Put another way: I want my child to have experiences which challenge him with interesting but realistic decisions, and allow for the game to grow in complexity and meaning as he grows. D&D can do that. No Thank You, Evil! can't (well, it can --a bit-- but not in the sense I mean). At least, not in the broader sense that I want it to. Would my kid have fun playing NTYE!? Yes, he has and would. But he's going to want to have Punk Rock Demon blow up candyland if it doesn't play nice, and if we're going that direction, why not play the game where you can actually do that?***

I think Tiny Dungeons could do this, too....but ironically I suspect the rules would eventually fall behind the desired complexity over time. I mean....I've seen the games my son's generation loves. Minecraft only looks simple. It is, in fact, a remarkably weird and complex game of crafting, and my son is already pushing D&D to see what he can craft (e.g. goat meat).

Okay....enough rambling.

My notion here is that there is a market for a game which accomplishes the following, all in one package:

1. Provides a graphically engaging and evocative portrayal of its shared universe in the art

2.  Is written or structured to provide a progression over time in learning the rules and method of play (think Basic vs. Expert)

3. Is written with a kid in mind, rather than an adult, and assumes the kid is smart and can figure things out, or really wants to

....there may be games out there I don't know about that do this. I would welcome suggestions! But that said, I think my son will greatly enjoy D&D going forward, and I may adapt Starfinder content to the D&D rules, or perhaps reskin content for White Star, so he can enjoy the graphic universe depicted in the one game with a ruleset that will be explainable to him by dad (who frankly has enough trouble remembering all of Starfinder's rules without one of my rules lawyers at the table to assist!)





*Here's an example of what I mean: Swords & Wizardry Complete has some good source books with evocative art (3rd edition reprint is nice, although I prefer the 2nd edition look ultimately as an old grognard of sorts).

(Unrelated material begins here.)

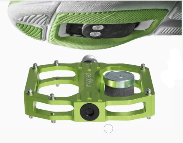 Magped propone la sua interpretazione di contatto scarpa-pedale sostituendo il sistema di bloccaggio meccanico con dei magneti.
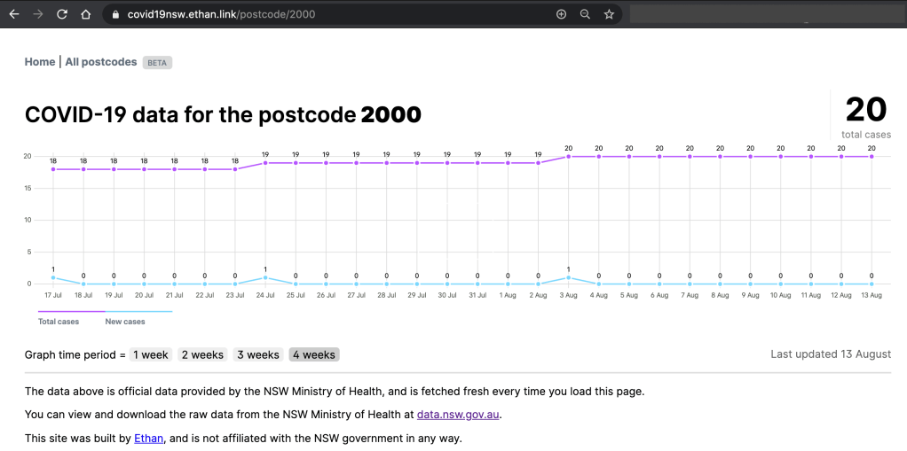 However it was Ethan’s site that I loved the most as a “local consumer” to see what is happening in my postcode – the website here https://covid19nsw.ethan.link/ is a brilliant example of the citizen science and is sourced from the NSW Health open data link above

Monstrosities and Tome of Horrors Complete both provide an illustration for every monster by decent artists, for example. However, try reading the S&W Complete book. A version aimed at kids would not need all that exposition on what the Founding Father Gary and Dave intended with initiative, to give one example, or the exposition behind intent of class limits or multiclassing. That's valuable space that you could place working examples of play or add additional useful content to game with. A good take on this is a ruleset that is instructive and provides plenty of exciting examples, but does not cut content; I'd argue that Beyond the Wall is a game that moves in this direction, though it is still written for adults and not kids....ironic, given it provides some of the best tools yet for aiding a new or young gamer in playing. Moving away from the "historical reference" that some OSR games provide, as well as the "OGL reskinned for OSR" format of others would help a great deal in accomplishing this sort of goal. 

**Your mileage may vary, a lot. I could see NTYE! working well for some kids. Others? Not so much.

***I'm showing a little bias here. I just feel like NTYE! is the sort of game written for parents who are aggressively trying to control the sort of content their kid experiences. Any parent should do that, but there's a difference between "You're too young for this stuff," and "I am shielding you from basic life experiences and complex decision making scenarios." I feel like maybe NTYE! contributes more to the latter than the former, by design, since it is aimed at the sorts of parents who maybe worry that Little Johnny shouldn't be fireballing bugbears. The same sort of parents who won't allow their kid to play Fortnite or Call of Duty, maybe, but Candy Crush --a downright evil game by addiction design--is somehow okay. But I could be wrong.